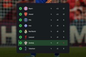 实时积分榜方面,卡拉巴赫凭借对切尔西的领先已经来到欧冠第7位,此前他们在欧冠正赛中先后战胜本菲卡和哥本哈根,头2轮收获2连胜。
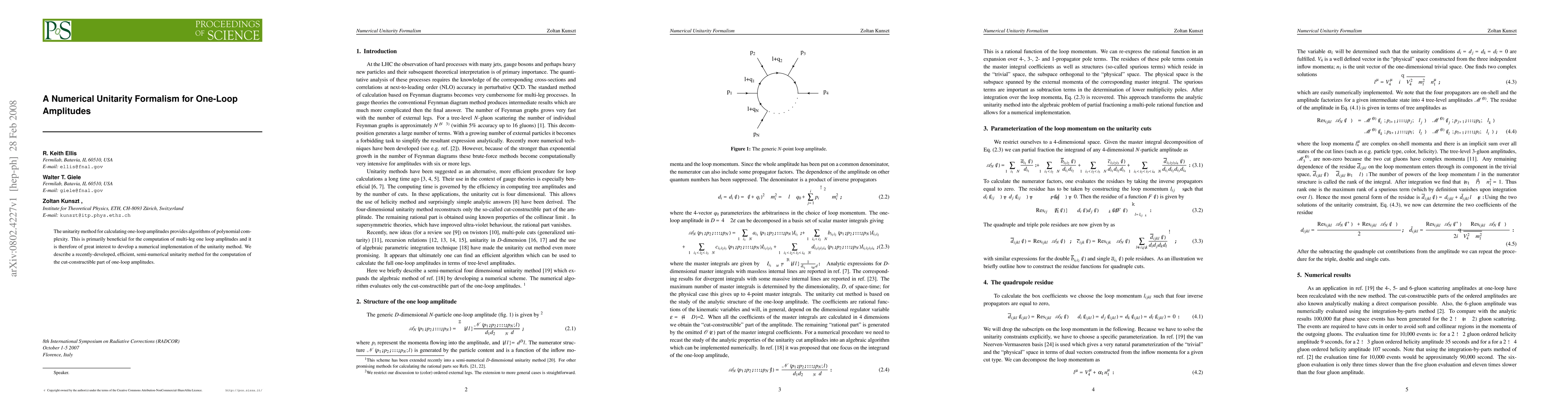 This paper introduces a numerical unitarity method for efficiently calculating one-loop amplitudes, offering polynomial complexity algorithms, particularly useful for multi-leg computations. The authors present a semi-numerical approach to compute the cut-constructible part of these amplitudes.
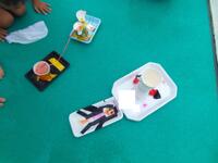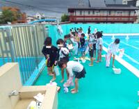 1年生は生活科の授業で、自分の作った船をプールに浮かべ、みんなで交流をしながら活動を行いました。子ども達は水着に着替え、濡れるのを気にせず、プールに入りながら自分の自慢の船を浮かべたり、お友達の船と一緒に浮かばせたりと楽しい時間を過ごしていました。残念ながら、船を浮かべている画像は取れませんでしたが、子ども達に話を聞くと、「楽しかった。」「ちゃんと浮かんだよ」「前に進んだよ!」「浮かんだけど途中で沈んじゃった。」など満足気に話をしてくれ、活動しながらいろいろな発見やお友達と交流しているのが感じられました。
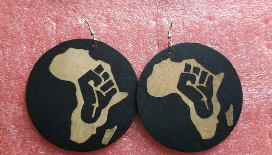 Wooden Large Africa Map and Clinched fist.Light weight errings
+===+
Aim of the task:
Each line of the data above should be reproduced without alteration, and no picture should appear in the copy.

Exercise output:
 实时积分榜方面,卡拉巴赫凭借对切尔西的领先已经来到欧冠第7位,此前他们在欧冠正赛中先后战胜本菲卡和哥本哈根,头2轮收获2连胜。
 This paper introduces a numerical unitarity method for efficiently calculating one-loop amplitudes, offering polynomial complexity algorithms, particularly useful for multi-leg computations. The authors present a semi-numerical approach to compute the cut-constructible part of these amplitudes.
 1年生は生活科の授業で、自分の作った船をプールに浮かべ、みんなで交流をしながら活動を行いました。子ども達は水着に着替え、濡れるのを気にせず、プールに入りながら自分の自慢の船を浮かべたり、お友達の船と一緒に浮かばせたりと楽しい時間を過ごしていました。残念ながら、船を浮かべている画像は取れませんでしたが、子ども達に話を聞くと、「楽しかった。」「ちゃんと浮かんだよ」「前に進んだよ!」「浮かんだけど途中で沈んじゃった。」など満足気に話をしてくれ、活動しながらいろいろな発見やお友達と交流しているのが感じられました。
 Wooden Large Africa Map and Clinched fist.Light weight errings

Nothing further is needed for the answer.